Artificial life based on neural network animals - "Merks" - evolving in a rich environment
Keywords: Artificial life, Soft Articial Life, Artificial Neural Networks, Deep neural networks, Genetic Algorithms, Evolution, Natural Selection, Open-Ended Evolution, Swarm Intelligence, Emergence
The world of Merks has been largely inspired from Geb [1], but is presented in a more generic, modular way, which I hope will help a broad re-use of the code and spreading of the experimentation.
Merks are little artifical animals living in an artificial environment, and each of them have a Neural Network and a Genome. A Merk has a sense of the surrounding environment and takes actions thanks to the Neural Network. The Neural Network itself is build according to its binary Genome at the time of birth. By design, each Merk has only innate response and can not learn from experience in its lifetime. However, from generation to generation the Merk populations undergo evolutionary changes. With natural selection, the Merks develop an increasingly rich and adapted behaviour. The Genome of Merks evolve thanks to pairwise "sexual" reproduction - the genome of a new Merk is created from merging two parent Merks, and also with random mutations.
The world can be diverse and present challenges to the Merks, that foster interesting evolutionary changes and behaviour. My belief is that it is possible to see sophisticated population dynamics, intra-species social behaviour, inter-species symbiosis, predation or cohabitation, and offer a sandbox for what should be the dream and goal of Artificial Life Research: open-ended evolution.

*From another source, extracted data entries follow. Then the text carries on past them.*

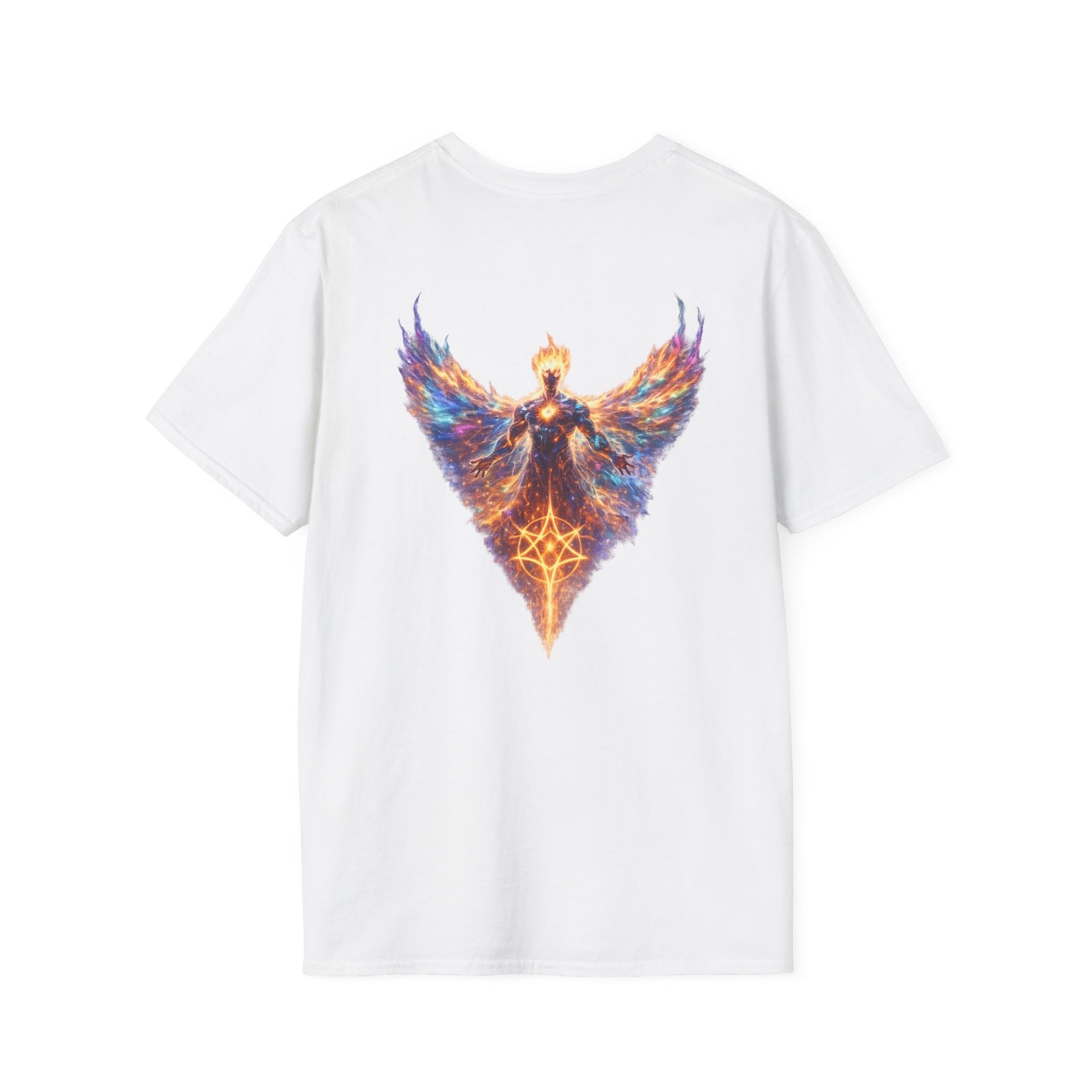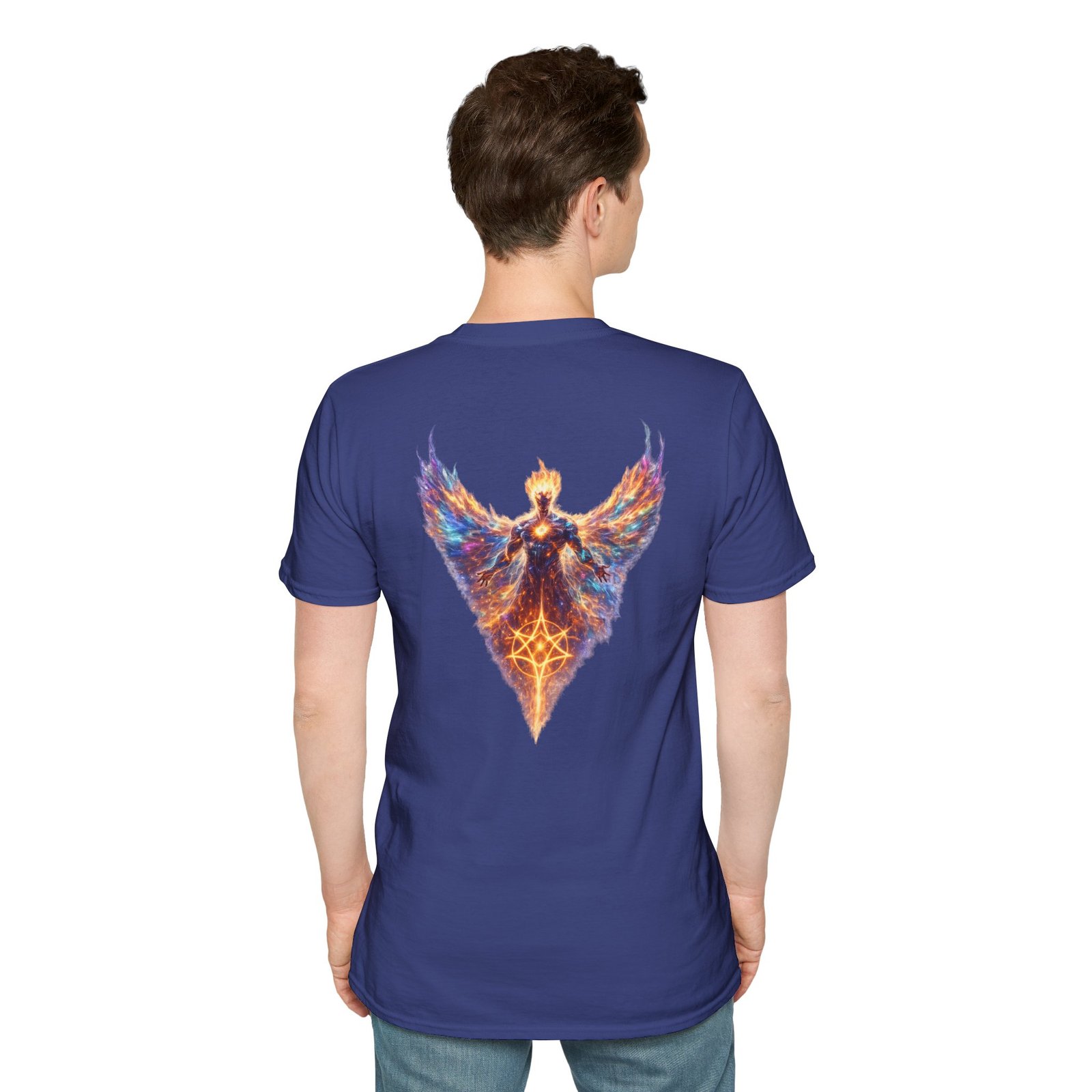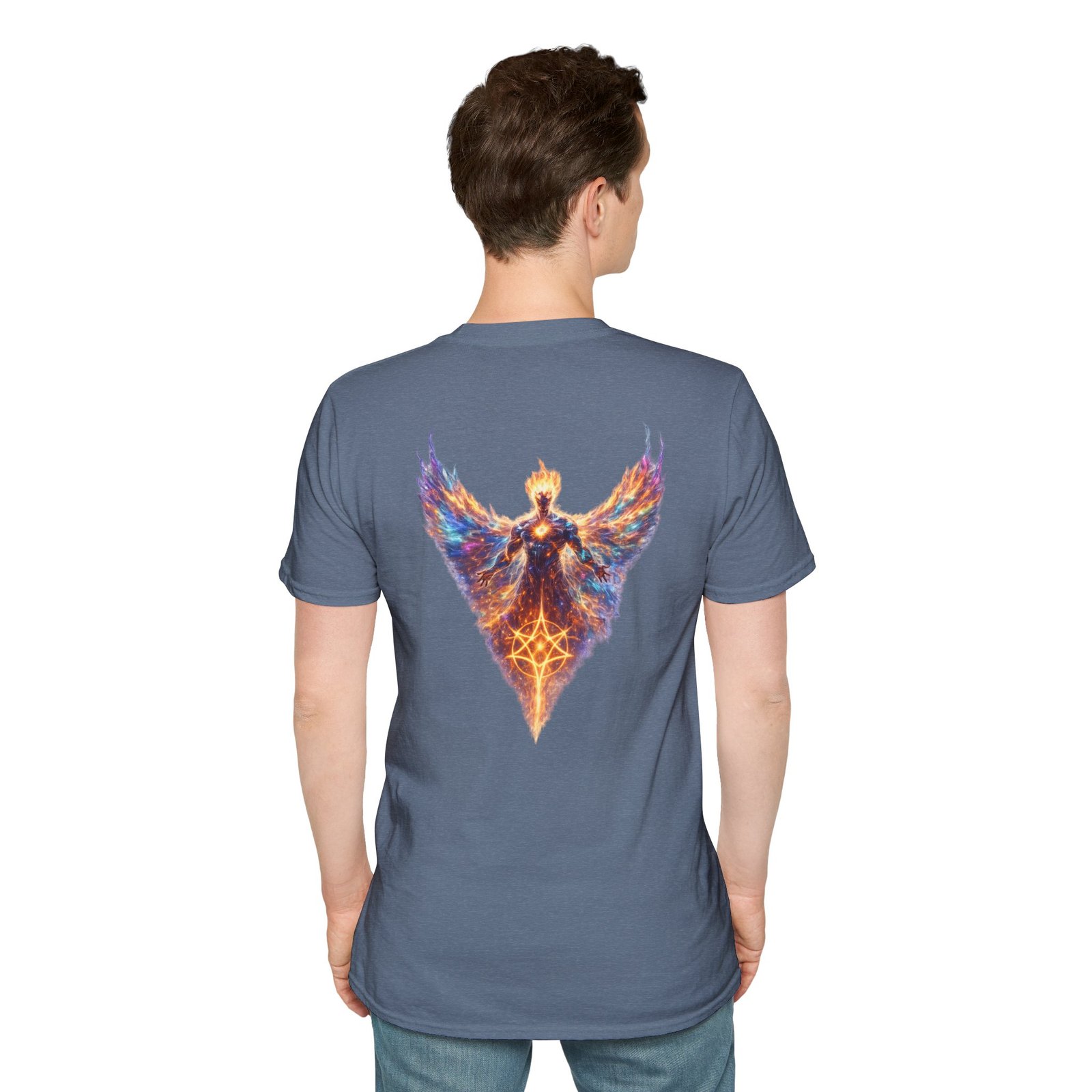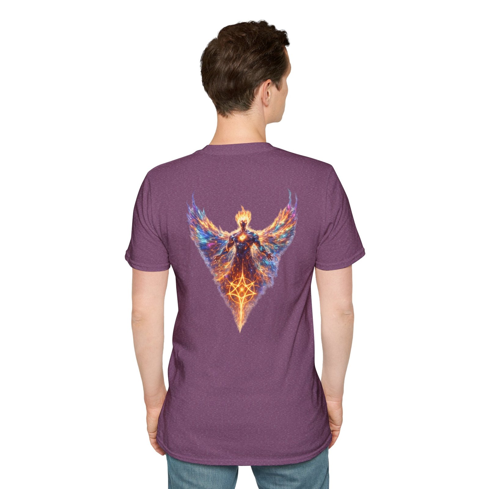 This lightweight tee carries a bold, painterly emblem that feels equal parts myth and sunrise. The front shows a stylized winged crest glowing with ember tones; the back expands into a full, radiant angelic figure whose feathers blur into watercolor-streaked light. Wear it when you want an everyday piece with an artful, mystical energy—something that suggests resilience, quiet power, and a lived-in creative spirit. Short sleeves and a classic crew give it easy layering potential: pair with a worn denim jacket, an open flannel, or let it sit solo on warmer days. The artwork reads like a story in color—fiery oranges, deep purples, and electric blues—so it stands out while still feeling like something you’d reach for again and again.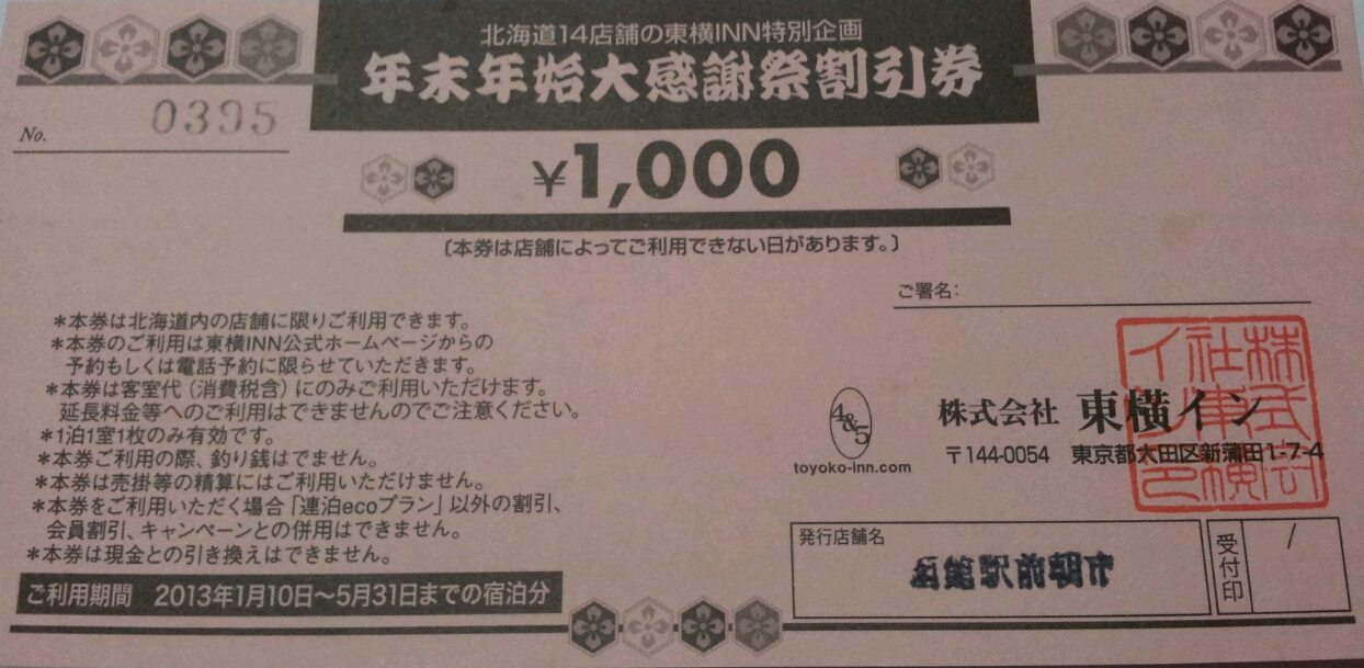พอดีว่าไปพักที่ toyoko inn สาขา hakodate มาค่ะ และจนท.โรงแรมก็ให้บัตรส่วนลดมา 2 ใบ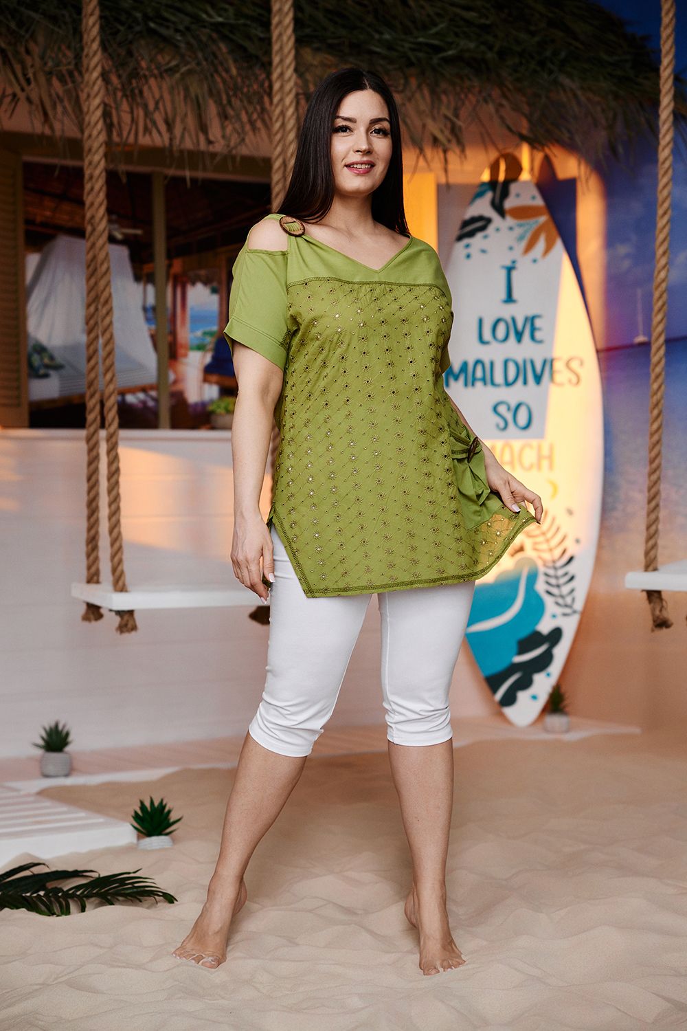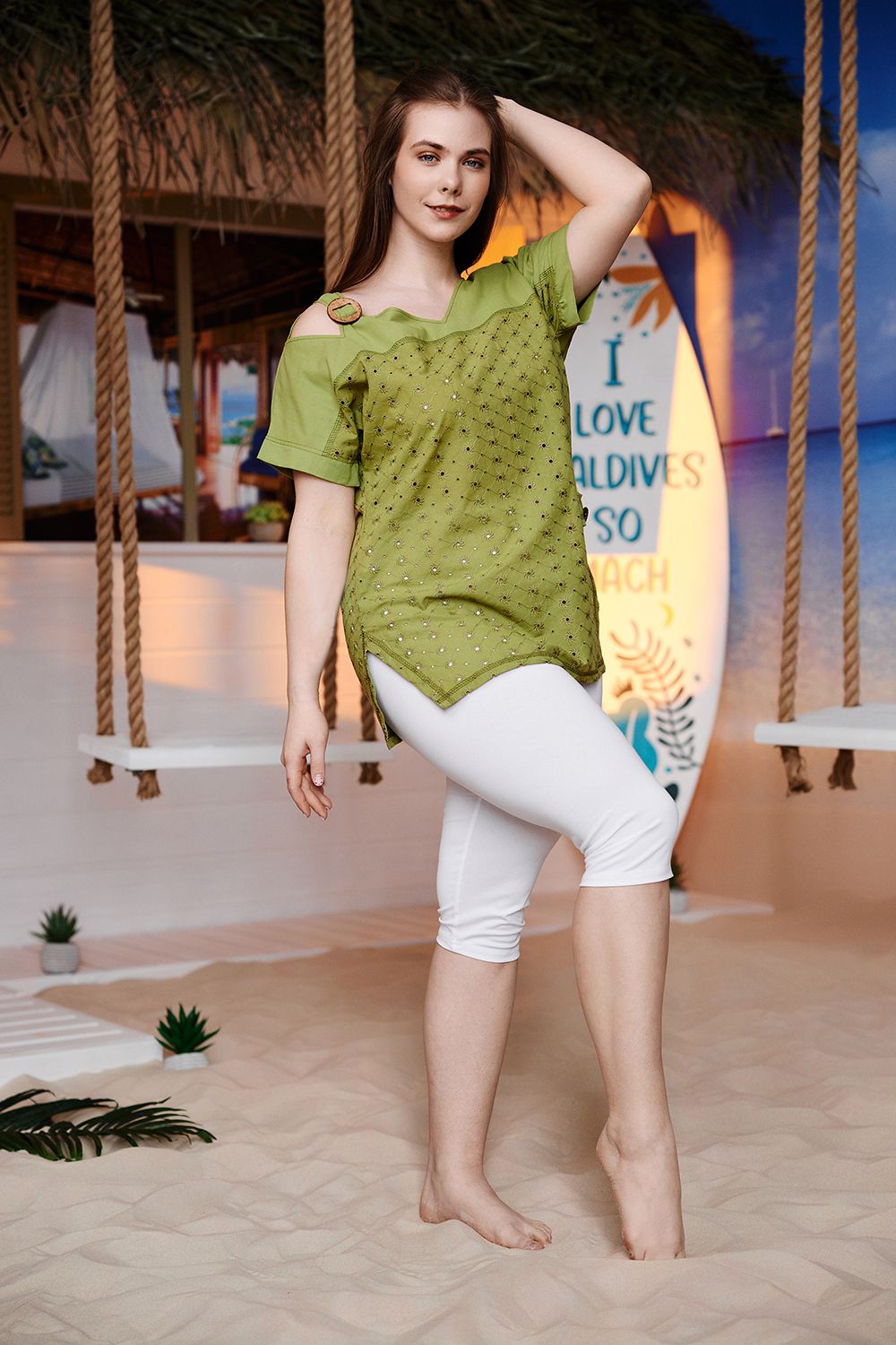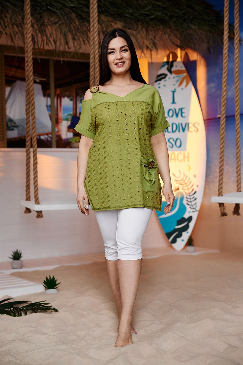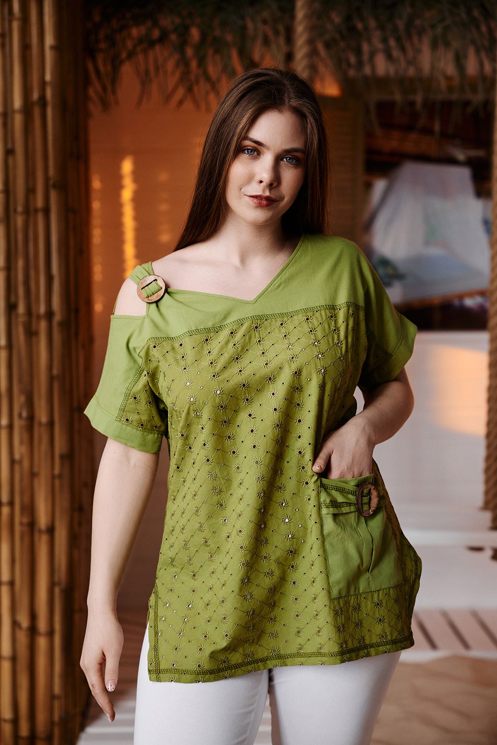 Туника женская, полуприлегающего силуэта. Вырез асимметричный, с одной стороны бретель с кокосовой пуговицей. На полочке и спинке кокетка из отделочной ткани. Рукав цельнокроеный до локтя на манжете. На полочке накладной карман со складкой и декоративной пуговицей.

My second belief is that this model is strong enough to produce interesting result by putting Merks in new, challenging environments. My invitation to you is to take on this project yourself, and build new environment rules that produce surprising results. Change the physics, change the reproduction system if you see fit. Experiment and come back to share your discoveries ! Let us enter together the area of Life 2.0.
[1] A. D. Channon, Improving and still passing the ALife test: Component-normalised activity statistics classify evolution in Geb as unbounded, in Proceedings of Artificial Life VIII, Sydney (R. K. Standish, M. A. Bedau and H. A. Abbass, eds.), (Cambridge, MA), pp. 173–181, MIT Press, 2003. Instructions for replicating the runs discussed in this paper.